I felt pretty sure that the fence would hold the
kata-kata
out, at least for a while. My mom had had it all reinforced a year ago, after she discovered that one of the night guards was snipping away bits of wire to sell in the scrap metal markets. Now it had redundant solar panels, whose frequent bursts of coordinated electricity were strong enough to knock back an elephant. And it was tall, over twenty feet. Though its purpose was to keep bonobos in, not people out, I figured it would fulfill that new need fine.

It was impossible to live in Congo without growing a thick skin for bugs, but even so, trudging through the jungle was almost more than I could take. Whenever uneven ground thrust me against a leaf or a tree trunk, I'd accumulate a new zoo-worthy creature: a roach-sized ant, a mantis fat as a crayfish, a centipede with pincers that could have bitten through a ruler. I stopped every few steps to brush the bugs off, and when I did I'd see Otto, dozens of feet above me, dealing with his own problem insects by eating them.

Eventually we came to a narrow clearing created by a recently fallen tree. I swept a space under its shelter, dusted dirt from my hands, and sat. Otto hurtled down from the canopy, swinging around the fallen trunk and landing hard in my lap. He reached his arms in his signal for me to play the airplane game, and I did, though I kept my anxious gaze on the surrounding jungle and what might stalk out of it at any moment.

Otto had barely any weight, but my legs unexpectedly buckled during our game and he fell. He landed on his head, sprang to his feet, and looked at me in confusion. I whispered that I was sorry and drew him toward me. My whole body was trembling; I'd kept the tension inside me stilled for too long and now it was coming out everywhere. Even my vision seemed to quiver. I squeezed my eyes shut and began to rock.

“I love you, I love you, oh God, I love you,” I said. Though I
said it to Otto, I was talking to my parents. I missed them so much, and my hysterical lost feeling was even stronger than six years ago when I'd had to say good-bye to my mom and my home. I thought back to the look of sorrow and odd surprise on her face when I actually got on the plane. We'd lost something then, something that we never got back. She wasn't first in my life anymore; she slid to the background after the divorce. “I need you,” I said. “Oh my God, I hope you're okay.”

An image came back to me, unbidden, one of the earliest of my life: Dad insisted I be sent to preschool at the Catholic school in the posh Gombe district, and when my mom dropped me off I bawled and bawled, begging her not to leave me alone. Eventually she left, and I stopped crying after a while. But when the teacher brought us outside hours later, my arms around two new friends, I saw my mother standing at the fence. She'd stayed all day, in case I'd look her way and be reassured. I imagined her in the distant release site, hearing word of the attack and worrying about me from afar, and my father waking up in Miami to terrifying news. I bet he was on the phone with everyone he knew. Though I was probably the one in the most danger, I was scared for them. I wanted to let them know I was alive. And I wanted them to rescue me.

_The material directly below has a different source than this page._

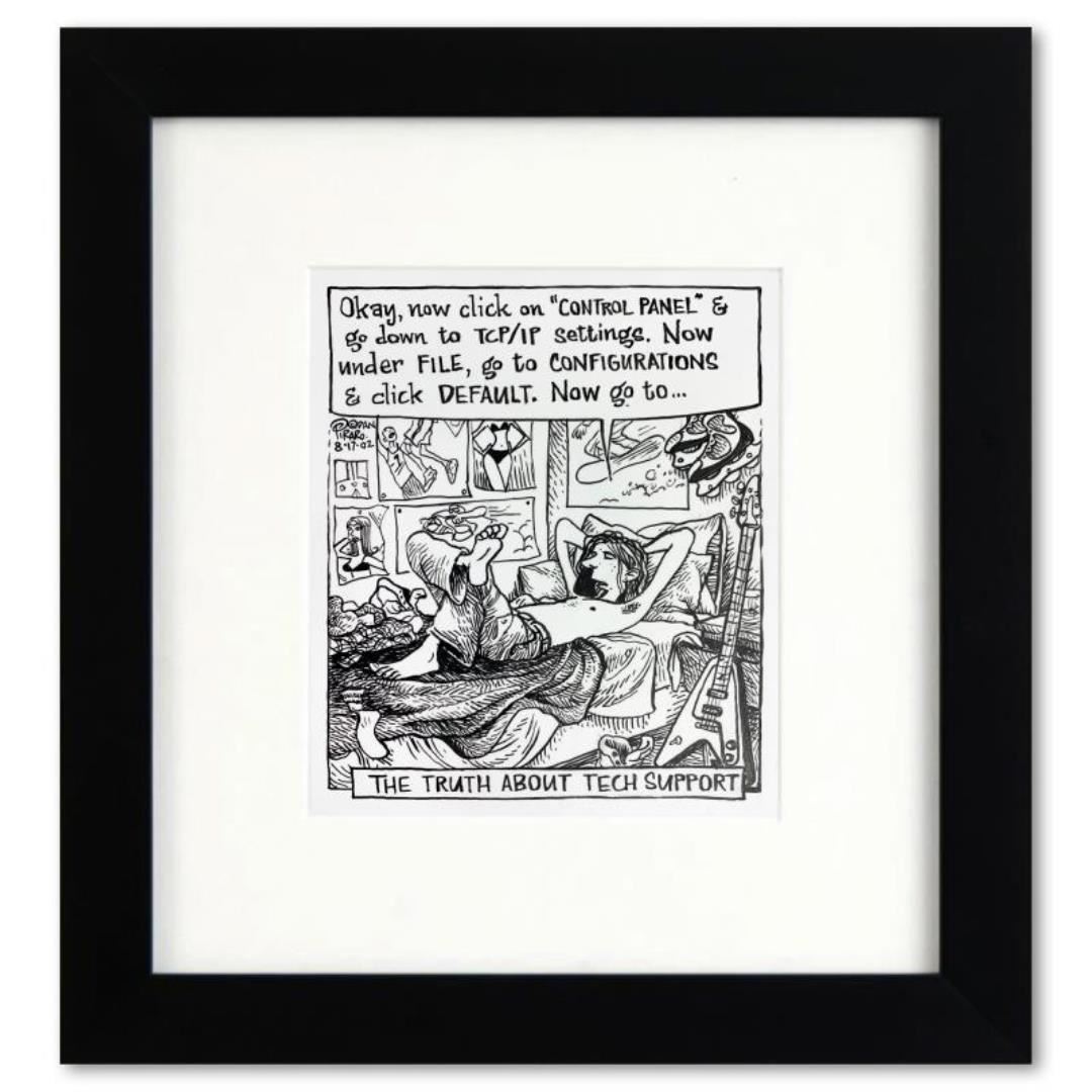 Enter a surreal and satirical world of twisted imagination and award winning creativity. "Truth About Tech Support" is an original pen & ink drawing on paper by Dan Piraro, creator of the critically acclaimed and award winning comic strip, Bizarro. This piece is hand signed, comes custom framed and includes a letter of authenticity. Measures approximately 12" x 11" (frame), 7" x 6" (image).This item requires special handling and may have a longer than usual turnaround.

I felt a hand in my hair, stroking me. Otto was standing tall in my lap and peering at me with those deep eyes. He stared at me harder — more without embarrassment — than any human had ever done. Then he found a termite in my hair and got distracted, not returning his attention to me until its brittle waving legs were crunching between his teeth.

This little creature, who needed me so much, could also care for me. I put my head between my knees and let Otto caress me.

Until I sensed we weren't alone.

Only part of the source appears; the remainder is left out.